# Prompt
Below are entries with pictures in them. Output exactly the lines starting at the line with "其中,辛丑(牛)年金银纪念币将发行10公斤金币。" and ending at the line with "Osta endale see", both included, but not the pictures.

# Task inputs

===============

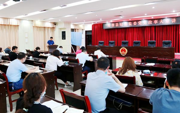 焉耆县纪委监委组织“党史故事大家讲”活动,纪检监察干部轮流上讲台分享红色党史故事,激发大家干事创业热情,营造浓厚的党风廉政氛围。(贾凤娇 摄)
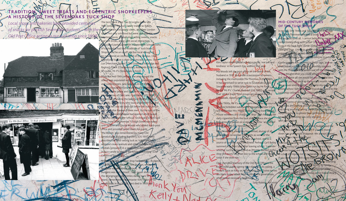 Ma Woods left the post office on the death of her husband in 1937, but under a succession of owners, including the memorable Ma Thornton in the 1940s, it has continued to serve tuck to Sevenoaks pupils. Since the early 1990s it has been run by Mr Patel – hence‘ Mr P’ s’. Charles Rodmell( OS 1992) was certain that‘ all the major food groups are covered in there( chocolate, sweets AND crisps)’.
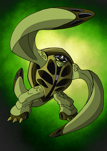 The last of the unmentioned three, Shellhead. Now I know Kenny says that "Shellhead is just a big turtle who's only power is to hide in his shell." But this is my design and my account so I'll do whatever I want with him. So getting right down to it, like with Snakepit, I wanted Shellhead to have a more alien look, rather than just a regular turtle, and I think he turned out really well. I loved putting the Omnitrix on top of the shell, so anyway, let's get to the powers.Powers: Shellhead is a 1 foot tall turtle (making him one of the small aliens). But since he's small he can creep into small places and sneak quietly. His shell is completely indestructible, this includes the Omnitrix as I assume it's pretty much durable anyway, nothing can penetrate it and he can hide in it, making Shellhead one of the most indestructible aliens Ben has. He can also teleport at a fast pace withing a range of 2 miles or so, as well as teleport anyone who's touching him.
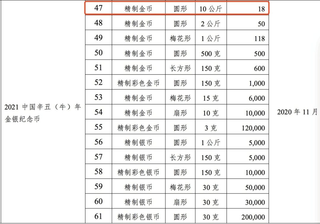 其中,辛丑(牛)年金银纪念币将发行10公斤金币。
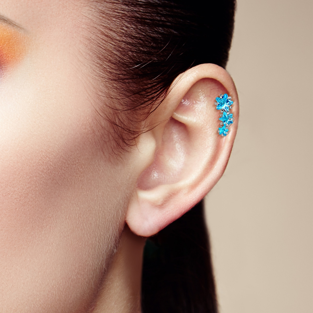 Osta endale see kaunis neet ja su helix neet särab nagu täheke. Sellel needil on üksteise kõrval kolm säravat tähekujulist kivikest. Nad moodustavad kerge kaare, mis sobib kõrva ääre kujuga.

===============

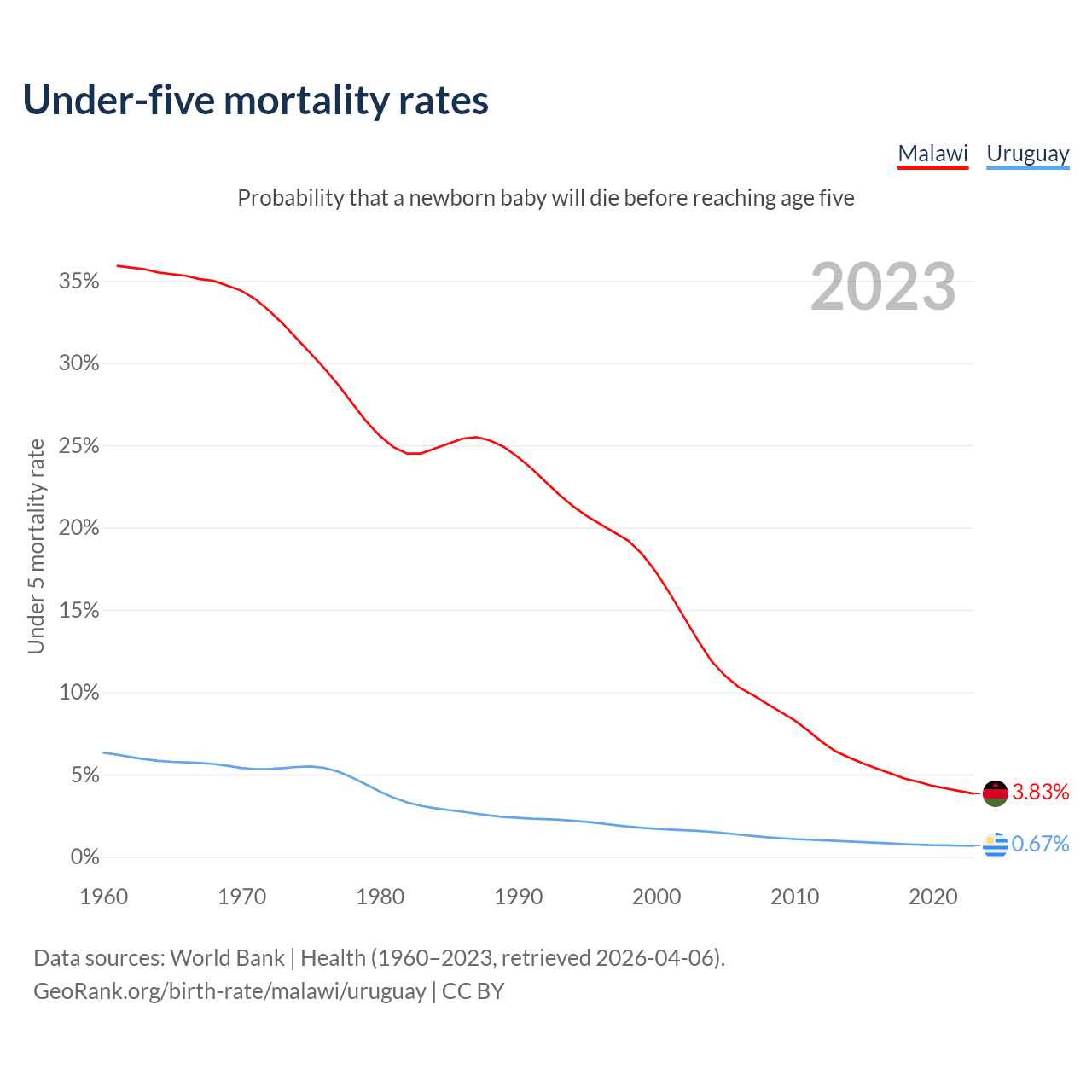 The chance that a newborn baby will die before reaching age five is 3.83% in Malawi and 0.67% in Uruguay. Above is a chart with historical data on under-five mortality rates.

===============

# Finished task
 其中,辛丑(牛)年金银纪念币将发行10公斤金币。
 Osta endale see kaunis neet ja su helix neet särab nagu täheke. Sellel needil on üksteise kõrval kolm säravat tähekujulist kivikest. Nad moodustavad kerge kaare, mis sobib kõrva ääre kujuga.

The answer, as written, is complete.